В любом случае, Оденбери тоже молчал в ответ на какие-то свои мысли. Решение принадлежало ему, неважно, поддержала когорта его или нет, так что теперь сержанту приходилось тяжелее всех. Наверняка сержант сразу узнал, что они увидят там, впереди, по личному каналу, но тоже предпочёл об этом не распространяться. Предчувствия у Джона были самые мрачные.

Хотя, если подумать, что их там может ждать.

Искорёженный кусок металлополимера, слезшего с н-фазных направляющих, как плоть с костей, от силы чудовищного удара о грунт, а потом намертво вплавленного в почерневший от сажи лёд?

Или наоборот, целёхонький кокон капсулы, вертикально замерший в полуметре от скального основания, полностью исправный, но пустой и насквозь промороженный, с призывно распахнутым боковым люком?

Ещё вариант — всё то же самое, только с мёртвым экипажем внутри.

Разнообразные варианты, один другого чудовищнее, роились в сознании Джона, материализуясь совершенно помимо воли их владельца.

Развороченные недра генераторного отсека, выжженная на сотни метров поверхность планеты, посиневшие детские тела в расколотых анабиозных капсулах…

Потребовалось немалое усилие воли, чтобы прекратить эту свистопляску. Чтобы продемонстрировать им любой из них, необязательно было играть в придурочную молчанку, туда вообще не нужно было их всех вести.

Ведь если подумать, за яростью Ковальского скрывалось нечто совсем иное, направленное не в сторону их злополучной когорты, она была направлена исключительно в сторону окружающего мира. Зачем ему всё это, как бы заранее жаловался их проводник. Последняя эмоция, которую можно было ожидать от Ковальского — это было банальное любопытство.

Джону пришло в голову, как же много людей в окрестностях сотни километров от этого места сейчас точно также, как они, бредут без связи по поверхности взбеленившегося Аракора, и знают при этом — куда меньше их.

Спасательные отряды, если бы могли добраться сюда на глайдерах, уже бы это сделали. Значит — точно так же, идут пешком, только очень издалека, пусть и с куда более серьёзной амуницией. Сотни, тысячи людей. Неужели им тоже не любопытно?

А персонал дальних станций, орбитальной группировки? Пусть им ничто не угрожает, но они знают, что ничего не знают, что там, то есть здесь, что-то творится, и тут есть люди, много людей, и все они разом пропали в неизвестности.

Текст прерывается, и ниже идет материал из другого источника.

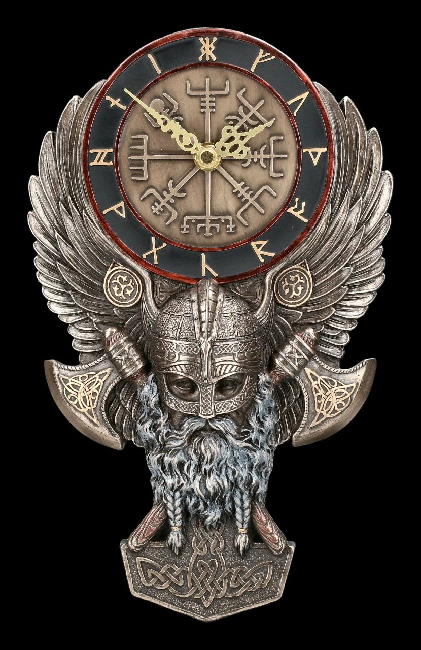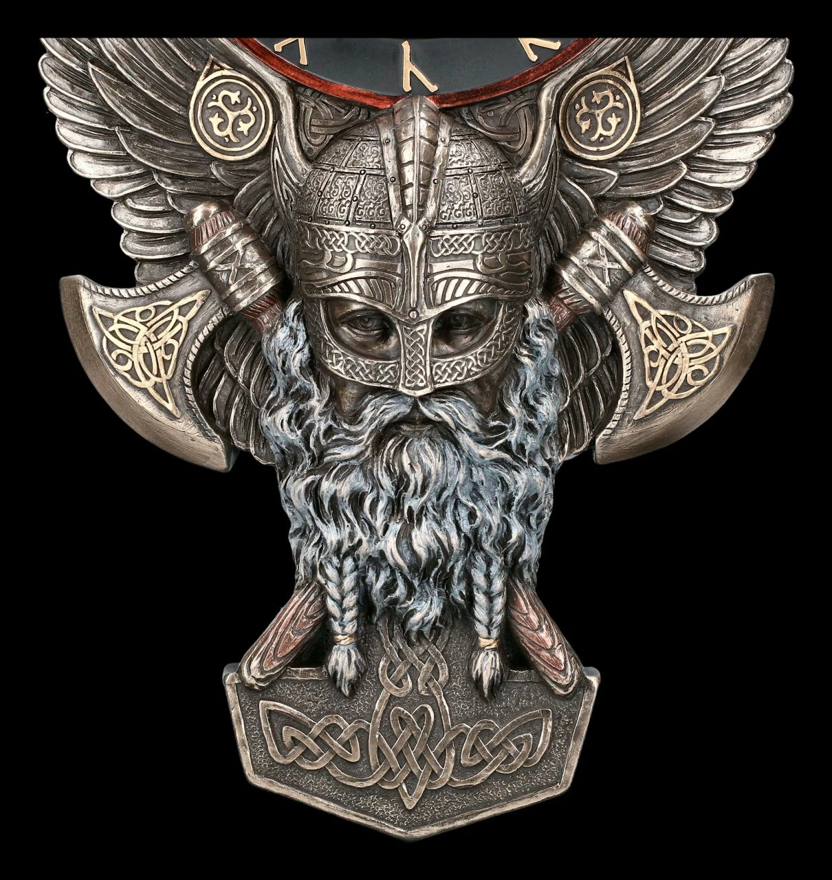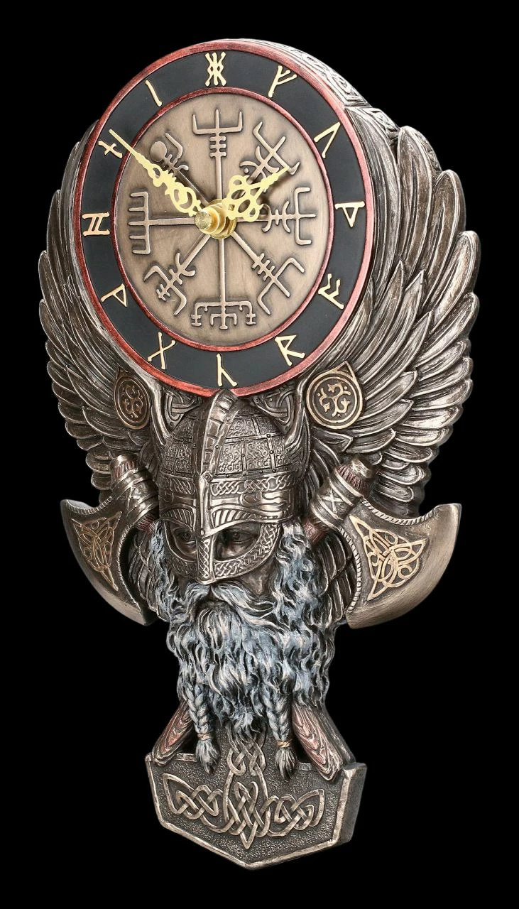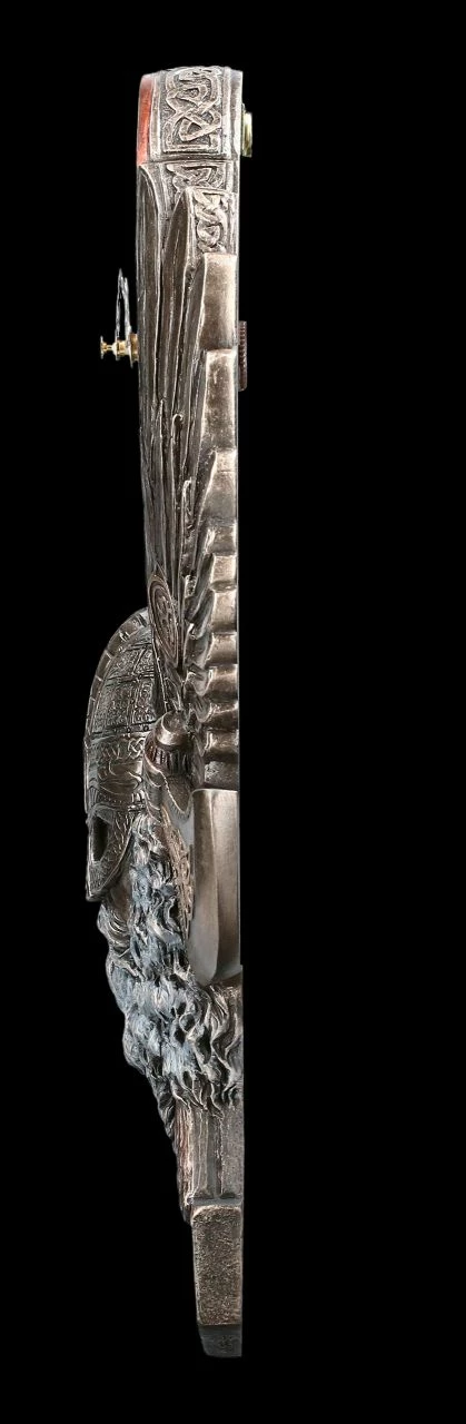 Heute möchten auch Wikinger wissen, was die Stunde geschlagen hat. Außergewöhnlich und dekorativ ist die Wanduhr mit dem Runenkompass Vegvisir in der Mitte und den Runen als Zeitangabe, die zwischen Flügeln über dem Helm eines Wikingerkopfes angebracht ist. Die faszinierende Wanduhr Vegvisir aus der Studio Collection von Veronese ist sorgfältig und detailreich aus Kunststein (Polyresin) gefertigt und edel bronziert & coloriert und benötigt 1 x AA Batterie (Batterie ist nicht in der Lieferung enthalten). Die außergewöhnliche Wanduhr ist zum Hängen und hat eine Höhe von 29 cm, eine Breite von 18,5 cm und eine Tiefe von 4 cm. Sie ist ein fantastischer Blickfang im Heim eines jeden Wikingers und daher auch ein tolles Geschenk.

Беспокойство — да, на грани паники, а вот любопытство — нет.

Пожалуй, Джону и правда лучше быть здесь, чем там. Например, с остальными когортами, что сейчас, наверное, уже выбираются из своих снежных берлог, ведь подступало раннее аракорское утро, приближающееся не с той стороны света. В отличие от них, Алохаи как раз испытывал то, что можно счесть за любопытство. Какие ещё опасности из здесь поджидают?

Хороший вопрос. Джон снова сверился с датчиками биосьюта. Мороз стремительно ослабевал, даже, кажется, слишком стремительно. Ещё не показались лучи Штаа (да и вообще, небо уверенно оставалось чёрным, на нём всё так же ярко сверкали редкие звёзды), но температура уже позволила Ковальскому избавиться от лицевого щитка, оставшись в одном меховом капюшоне, края которого поспешили покрыться приличным слоем изморози от его дыхания.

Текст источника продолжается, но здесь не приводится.